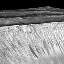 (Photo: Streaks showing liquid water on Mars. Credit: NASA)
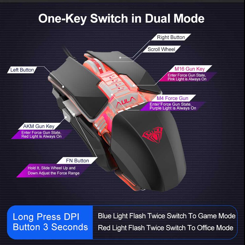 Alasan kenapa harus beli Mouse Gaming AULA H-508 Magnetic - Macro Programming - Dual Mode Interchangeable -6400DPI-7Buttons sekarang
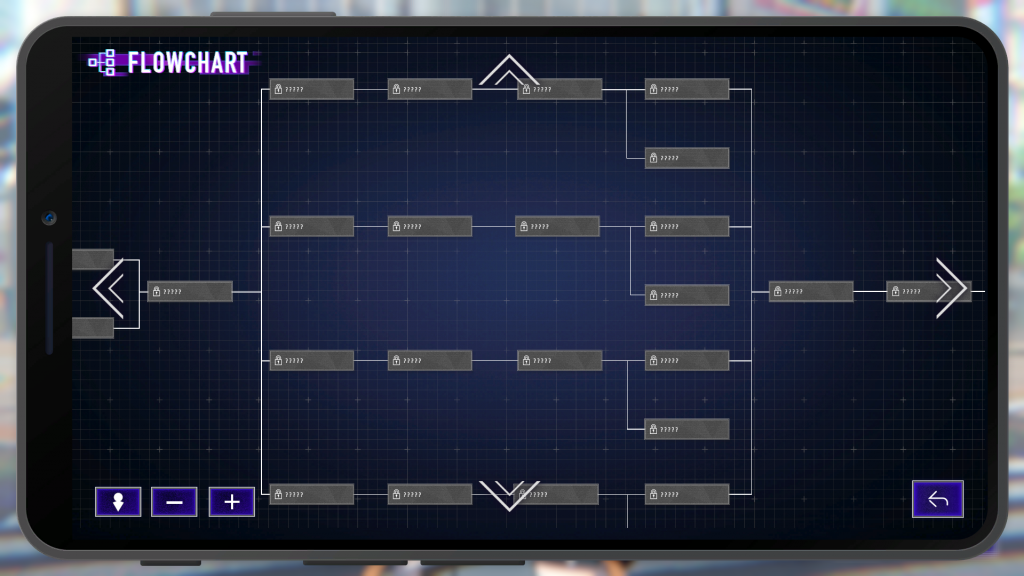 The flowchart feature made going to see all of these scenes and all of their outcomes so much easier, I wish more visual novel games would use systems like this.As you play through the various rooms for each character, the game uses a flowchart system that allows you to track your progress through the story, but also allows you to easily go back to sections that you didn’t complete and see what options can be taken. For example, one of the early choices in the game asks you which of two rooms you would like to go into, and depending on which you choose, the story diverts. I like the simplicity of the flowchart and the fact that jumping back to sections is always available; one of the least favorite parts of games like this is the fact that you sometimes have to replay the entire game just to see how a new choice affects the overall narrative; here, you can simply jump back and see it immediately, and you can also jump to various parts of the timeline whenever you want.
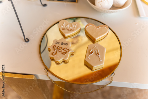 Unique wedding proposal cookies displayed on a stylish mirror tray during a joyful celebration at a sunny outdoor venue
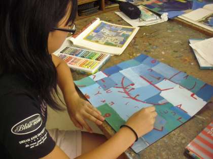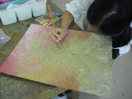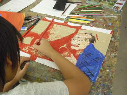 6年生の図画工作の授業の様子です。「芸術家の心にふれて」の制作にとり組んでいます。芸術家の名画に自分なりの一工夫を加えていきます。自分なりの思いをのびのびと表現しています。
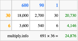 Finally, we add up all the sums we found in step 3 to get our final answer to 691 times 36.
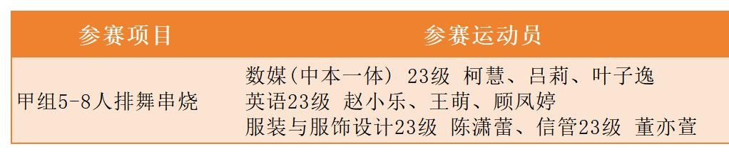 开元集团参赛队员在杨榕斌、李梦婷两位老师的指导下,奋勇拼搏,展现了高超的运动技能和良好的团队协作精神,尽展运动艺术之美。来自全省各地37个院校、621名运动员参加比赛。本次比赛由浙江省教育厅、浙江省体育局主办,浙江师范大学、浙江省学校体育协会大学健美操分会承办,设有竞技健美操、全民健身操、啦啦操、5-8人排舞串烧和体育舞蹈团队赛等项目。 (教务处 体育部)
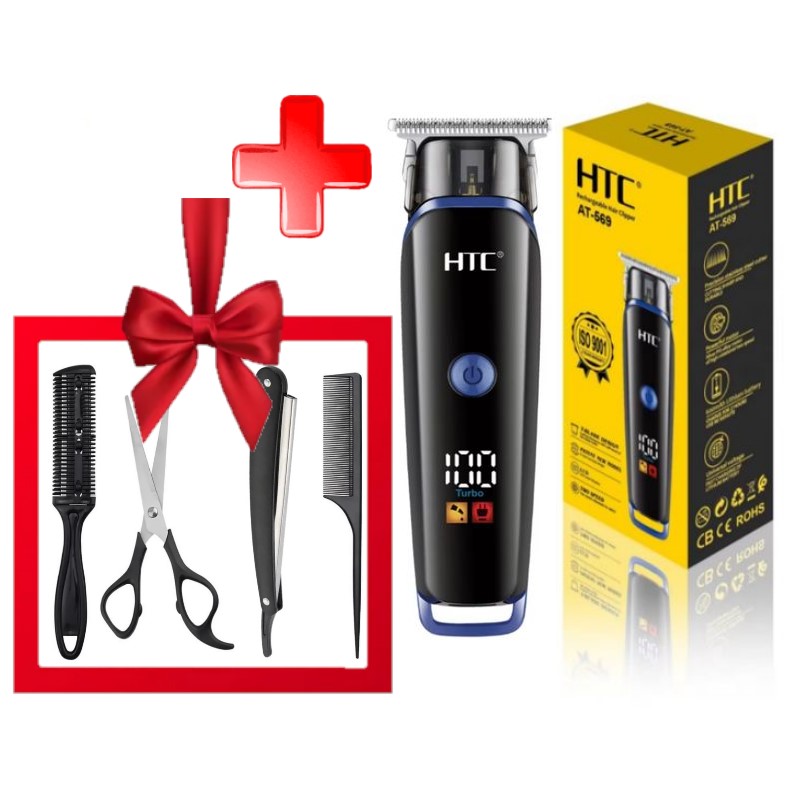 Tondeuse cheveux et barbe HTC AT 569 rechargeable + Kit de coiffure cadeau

EXERCISE DIRECTIONS
Reproduce verbatim, and only, the lines starting at the one that contains "Finally, we add" and ending with the final line of the records; leave out the pictures.

RESULT OF THIS TASK
 Finally, we add up all the sums we found in step 3 to get our final answer to 691 times 36.
 开元集团参赛队员在杨榕斌、李梦婷两位老师的指导下,奋勇拼搏,展现了高超的运动技能和良好的团队协作精神,尽展运动艺术之美。来自全省各地37个院校、621名运动员参加比赛。本次比赛由浙江省教育厅、浙江省体育局主办,浙江师范大学、浙江省学校体育协会大学健美操分会承办,设有竞技健美操、全民健身操、啦啦操、5-8人排舞串烧和体育舞蹈团队赛等项目。 (教务处 体育部)
 Tondeuse cheveux et barbe HTC AT 569 rechargeable + Kit de coiffure cadeau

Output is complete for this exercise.